Here was my take on the Abbey/Lane paper at the time it was first published, over three years ago:

I’m reading the space policy paper by (former JSC Director George) Abbey and (former Clinton Science Advisor Neal) Lane.

It gets off on the wrong foot, in my opinion, right in the preface:

Space exploration on the scale envisioned in the president’s plan is by necessity a cooperative international venture.

I know that this is an article of faith with many, but simply stating it doesn’t make it an incontrovertible fact. In reality, this is a political decision. If it became important to the nation to become spacefaring, and seriously move out into space, there’s no reason that we couldn’t afford to do it ourselves. The amount of money that we spend on space is a trivially small part of the discretionary budget, and even smaller part of the total federal budget, and a drop in the bucket when looking at the GDP. Even ignoring the fact that we could be getting much more for our money if relieved of political constraints, we could easily double the current budget.

The statement also ignores the fact that international cooperation in fact tends to increase costs, and there’s little good evidence that it even saves money.

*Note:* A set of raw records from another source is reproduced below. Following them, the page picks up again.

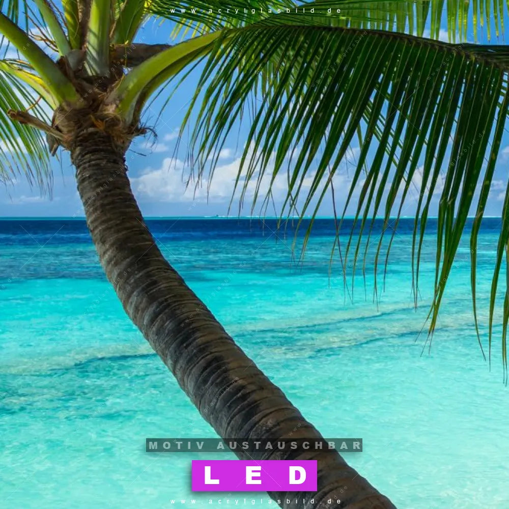 Du suchst nach einem Wandbild mit LED Beleuchtung als ultimativen Hingucker für deine Wände? Dann haben wir das perfekte dimmbare LED Bild mit Fernbedienung und optionaler Farbtemperatursteuerung für dich: unser abgefahrenes Landschaften, Strand - Meer Canvalight® DIA LED Acrylglasbild! Mit dem LED Leuchtbild aus Acrylglas Kokospalme am Strand im Hochformat mit austauschbarer bedruckter Acrylglas-Scheibe bringst du nicht nur Licht, sondern auch ordentlich Stil in deine Bude.
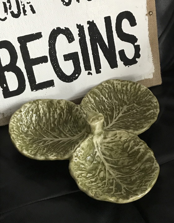 Barbotine presentation dish with vintage cabbage leaves. Made in Portugal. 3 compartments. Excellent condition. 30.5 x 27 cm. Height 9 cm. Shipment by Mondial Relay or Colissimo on request.
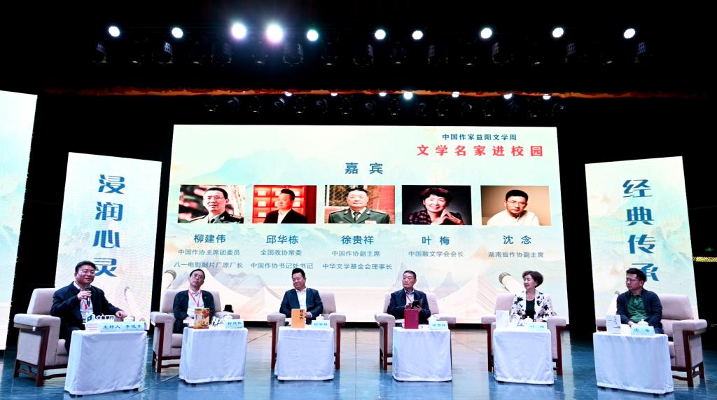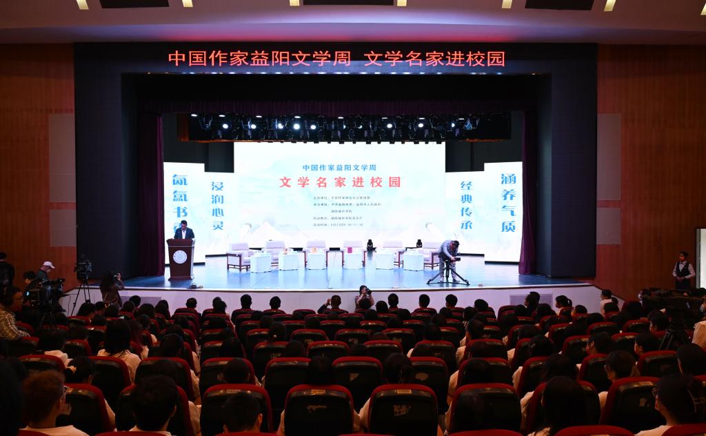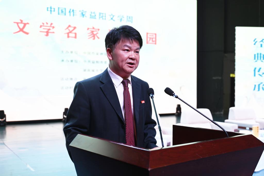 汤放华代表学校全体师生对与会作家和嘉宾的到来表示热烈欢迎。他表示,有着2000多年历史的益阳,人文积淀深厚、文化价值多元、文化名人辈出,书香洒满了山乡大地。米兰体育·米兰官方网站作为益阳市最高学府,注重以文化人,以文赋能乡村振兴,成立了一批红色文化研究基地,立项了一批关于红色文化的国家级、省级重大科研教改项目,推动师生把红色文化资源利用好、把红色传统发扬好、把红色基因传承好。今天我们有幸迎来了一批文学名家走进校园,与他们面对面交流,共襄一场文化的盛宴,共赴一程精神的旅行。这是益阳人民的一件盛事,更是我们学校的一件盛事。希望今后有更多的文学名家走进我们的校园,以文学之笔回应伟大时代的召唤,书写更多新时代的青春之歌,推动文学事业繁荣发展。
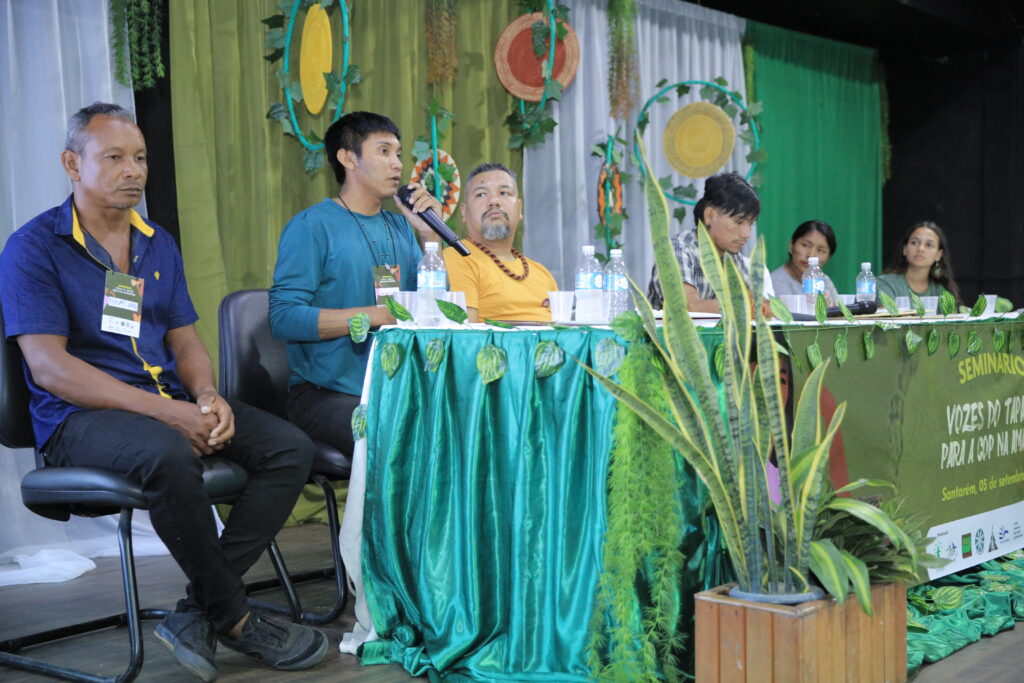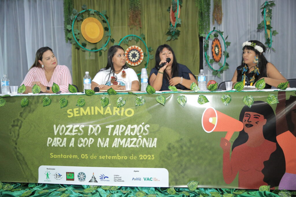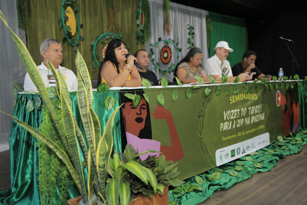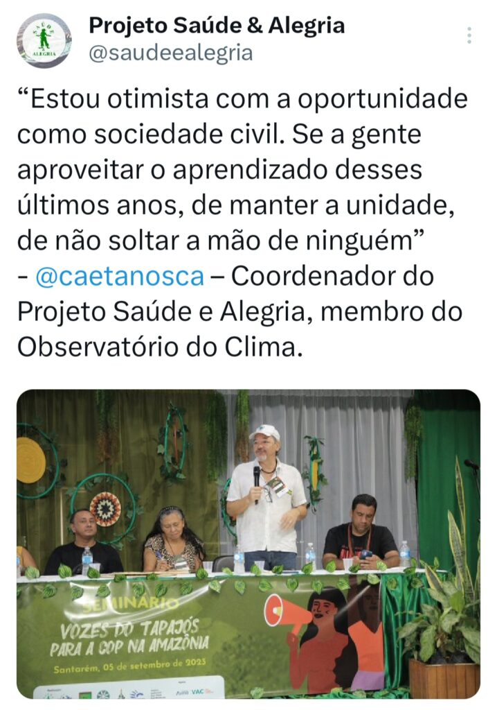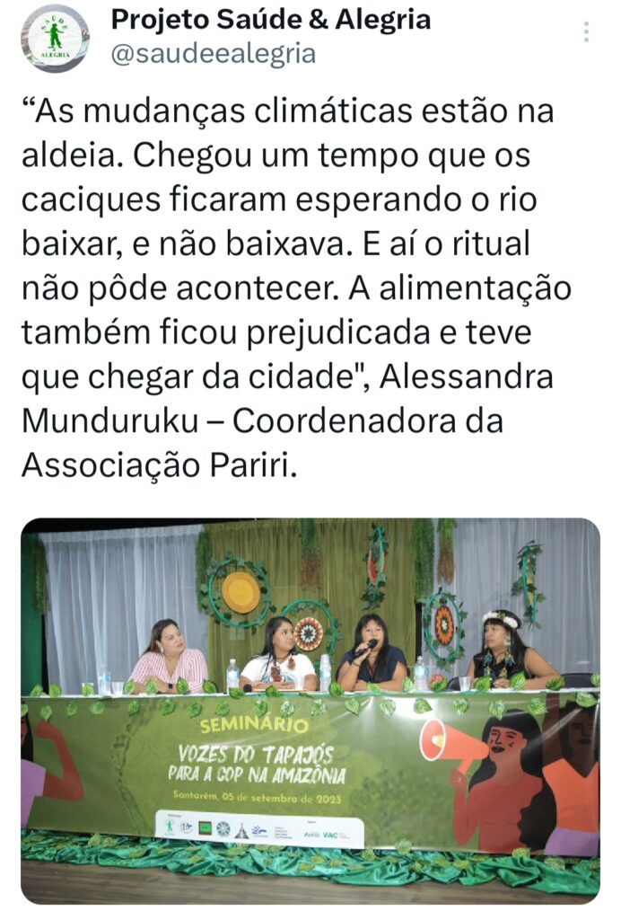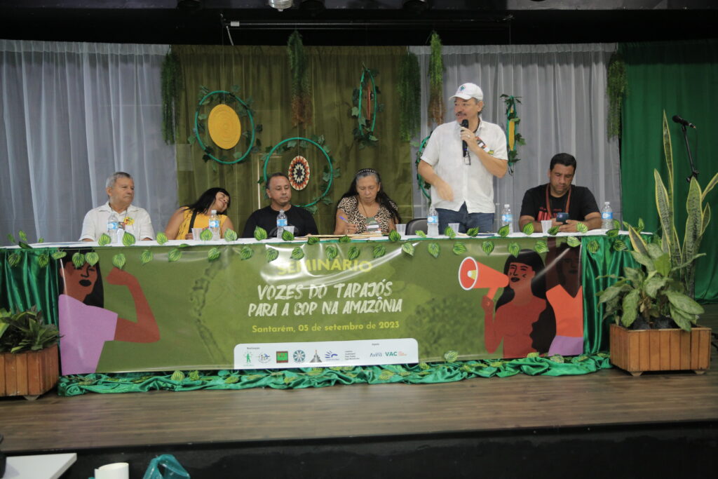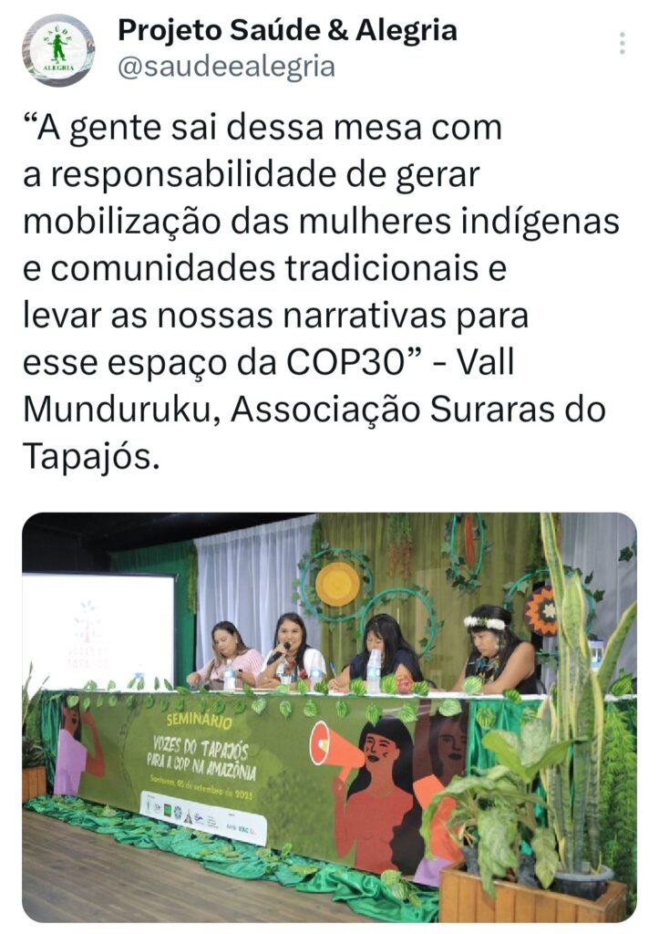 O seminário ‘Vozes do Tapajós para a COP na Amazônia’ foi organizado pela Coalizão Vozes do Tapajós Combatendo as Mudanças Climáticas coordenado pelo Projeto Saúde e Alegria, Sapopema, CITUPI, CITA, STTR-STM, SURARAS e Coletivo Daje Kapap Eipi.
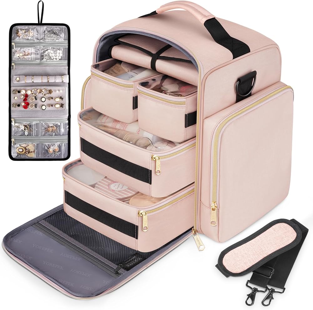 يوربيك شنطة تنظيم مكياج كبيرة للسفر مع 4 حافظات قابلة للازالة ولفة واحدة لتنظيم المجوهرات، شنطة مستحضرات تجميل بجيوب تخزين متعددة لحمل ادوات النظافة والعناية بالبشرة ومستلزمات الشعر والفرشاة، هدية
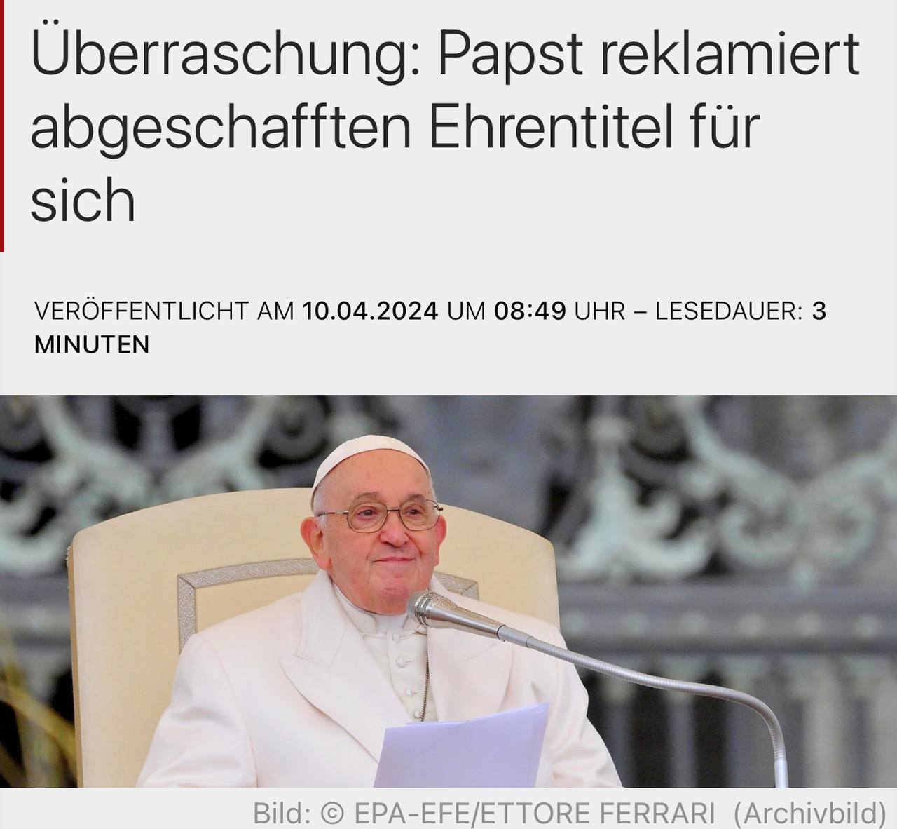 Папа Франциск указом вернул себе титул «Patriarca dell'Occident» - Патриарх Запада. Этот титул был отменен его предшественником Бенедиктом XVI. Это сигнал Ватикана, который можно расценивать как попытку поиска взаимодействия с Патриархами других церквей. Интересно, что Понтифик принял решение неожиданно, без консультаций со своим окружением.
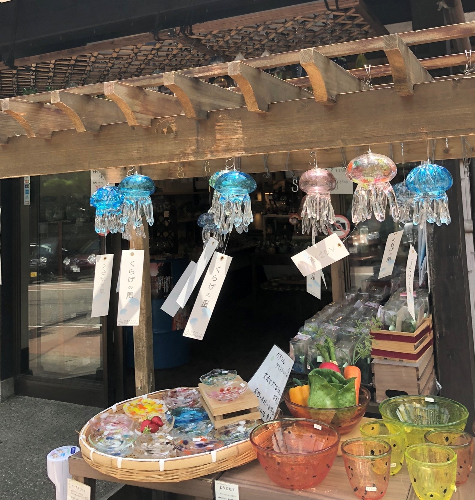 TAKU GLASSで1番人気の「くらげ」の風鈴。水琴窟をイメージした音色で、当たる足によって音が違うので多重層の響きのよう。1つの風鈴で色々な音色が楽しめます。
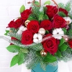 Люкс(на фото): роза красная - 15 шт., хлопок - 5 шт., шарики - 5 шт., декоративная зелень, ель, декор, оазис, коробка.
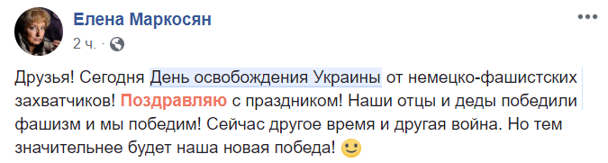 "Друзья! Сегодня День освобождения Украины от немецко-фашистских захватчиков! Поздравляю с праздником! Наши отцы и деды победили фашизм и мы победим! Сейчас другое время и другая война. Но тем значительнее будет наша новая победа!"
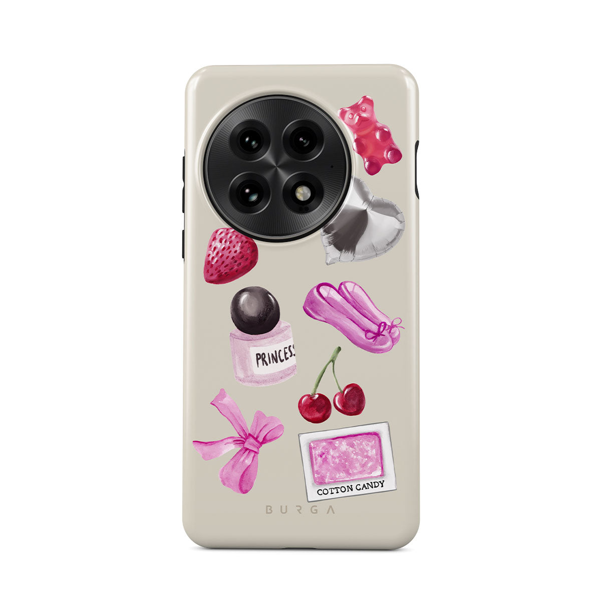 En este diseño: lazo rosa, globo plateado en forma de corazón, frasco de perfume, fresa, cerezas, zapatillas de ballet rosas, sticker de algodón de azúcar, osito de goma rosa.
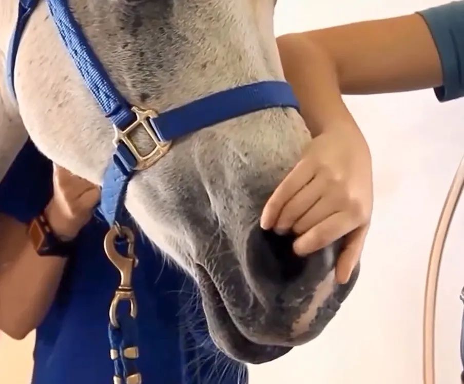 (1)讓助手在馬的左側(cè)牽拉馬,同時(shí)保持馬頭在正常高度。自身在同側(cè)上前輕撫馬的鼻孔內(nèi)側(cè)。

It’s something that we tend to do simply for the sake of international cooperation, and we actually pay a price for it.

Neither the president’s plan nor the prevailing thrust of existing U.S. space policies encourages the type of international partnerships that are needed. Indeed there is much about U.S. space policy and plans–particularly those pertaining to the possible deployment of weapons in space–that even our closest allies find objectionable.

While I don’t favor doing things just because other countries find them objectionable (with the exception of France), this issue should not be driving our space policy, as I pointed out almost exactly three years ago. What the authors think is a bug, I consider a feature.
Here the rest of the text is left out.